そもそもサステナビリティとは、企業が長期的に社会や環境と共存しながら価値を生み出し続けられるかという“経営の根幹に関わる視点”です。一方のESGは、主に投資家や金融機関が企業を評価する際に用いる「非財務的なリスク・機会」を捉えるための観点です。言い換えれば、サステナビリティは“何を実現すべきか”を示す経営の目的、ESGは“何を見られているか”を示す評価軸、ということになります。
例えば、ESG対応というと、気候変動対策の開示や人権方針の整備、ガバナンス体制の透明化など、「投資家目線での説明責任を果たすこと」に焦点が当たりがちです。しかし、ESGへの対応が形式的にとどまり、本質的な経営課題の解決や将来的なリスク低減につながっていなければ、サステナビリティの実現とは言えません。
企業のリスクマネジメントを担う方々は、こうした前提を踏まえ、自らが対峙する、あるいは使うESGやサステナビリティという言葉がどういう文脈・意図のものなのかを理解しておくことが重要です。
全社的リスクマネジメント(ERM)との関連性は?
サステナビリティやESGへの取り組みは、多くの企業において「サステナビリティ委員会」や経営企画・広報部門が主導し、一方で「全社重要リスク」の管理はリスクマネジメント委員会や内部統制部門が担う、というように、別々の仕組みとして運用されているケースが少なくありません。
この背景には、組織や制度の歴史的な経緯があります。サステナビリティは、もともとCSRや情報開示の延長線上で発展してきた領域であり、近年では、先のESGという投資家視点のキーワードにも象徴されるように、社外向けの説明責任や透明性を重視する「外向き」の活動として捉えられてきました。

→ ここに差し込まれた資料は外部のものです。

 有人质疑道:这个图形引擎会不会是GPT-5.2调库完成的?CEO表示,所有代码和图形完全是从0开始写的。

一方で全社的リスクマネジメント(ERM)は、法令遵守、業務継続、内部統制といった「内向き」の管理機能と密接に結びつき、社内のルール遵守や事業安定のための活動として発展してきたという違いがあります。
こうした流れから、両者が独立した委員会・評価軸で動いている現状は理解できますが、サステナビリティ関連のリスクや機会も、オペレーショナルリスクやコンプライアンスリスクも、本質的には“リスク”という共通のテーマを扱っているという点では変わりません。したがって、「絶対に分けて扱うべきもの」と考える必然性はなく、むしろリスクという切り口で統合的に運用・管理していくことが、企業のガバナンス強化の観点から望ましいといえるでしょう。
もっとも、運用の実態としては事情が異なる場合もあります。サステナビリティに関わる多くのリスクは、気候変動、資源制約、人権、レピュテーション、制度変化といった、企業の事業構造や中長期的な競争力に関わる「戦略リスク」に属します。こうしたリスクは、発生頻度や財務影響の定量評価が難しいという特徴があります。そのため、オペレーショナルリスクやコンプライアンスリスクとは異なるアプローチで取り組んだ方が管理しやすいのも事実です。

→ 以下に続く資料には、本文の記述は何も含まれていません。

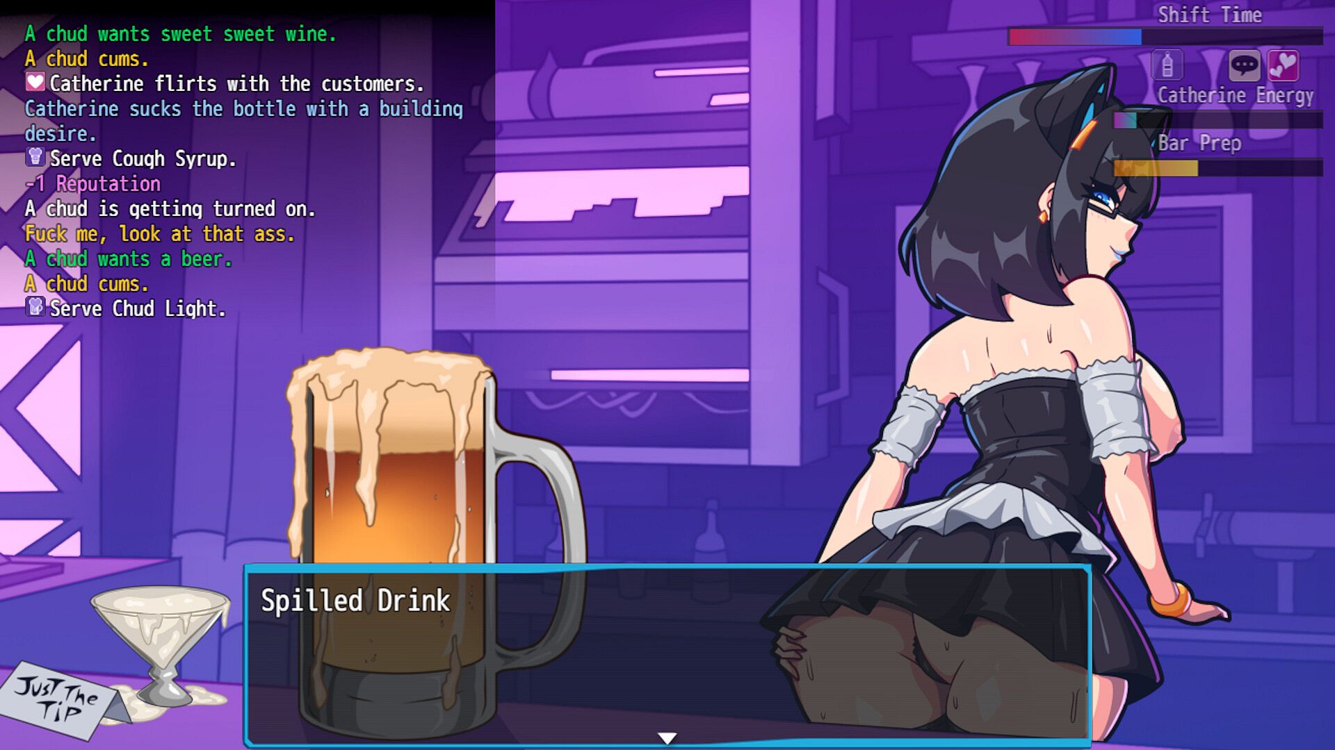 Every day Catherine works a shift at the bar serving drinks. Filling drinks just right grows the bar’s reputation. She can make shifts last longer and keep the customers around by making small talk, flirting, and more. The more aroused the customers get the more IO learns about human desires.

そのため、ERMの枠組みの中で、サステナビリティを含めた戦略リスクとそれ以外のリスクをどこまで統一したプロセスや体制で管理するかは、企業の裁量に委ねられます。こうしたリスクの統合的管理が機能するためには、経営者のリスクに対する考え方や企業文化、既存の戦略立案プロセスとの整合性に加えて、取締役会による明確な関与と意思の発揮が不可欠です。
サステナビリティを取り巻く情報開示制度と企業に求められる取り組み
さてここまでの背景を理解できると、昨今のサステナビリティ情報開示の制度化の意図や狙いをよく理解できるようになるでしょう。
サステナビリティ情報開示の制度化について、国際的には、ISSB(国際サステナビリティ基準審議会)が企業に対し、「財務的影響をもたらす可能性のあるサステナビリティ関連リスク・機会」の開示を求める基準を公表しています。これを受けて日本では、金融庁のもとでSSBJ(サステナビリティ基準委員会)が基準策定を進めており、2025年度(2026年3月期)からの段階的な適用が見込まれています。初期段階では、まず上場企業や大企業を中心に開示が求められ、将来的にはより広い企業層へと適用が拡大していく見通しです。
これらの基準では、企業のサステナビリティ関連のリスクと機会が、経営戦略・事業計画・財務影響・リスク管理プロセスとどのようにつながっているかの説明が求められます。つまり、サステナビリティ開示は、もはや“IR資料の延長”ではなく、“経営そのものの可視化”が求められる段階にあるということです。
そのため、これまで多くの企業ではIRや広報が中心だったサステナビリティ対応が、今後は経営企画、リスクマネジメント、財務経理、サプライチェーン部門などを巻き込んだ“全社的な統合対応”に進化する必要があるともいえます。
サステナビリティ開示の制度化は、単なる報告義務ではなく、企業の経営基盤の見直しを促す構造的な変化です。この潮流を機に、ERMやサステナビリティ対応体制の再構築を進めていくことが、企業にとって持続的な競争力の源泉となるはずです。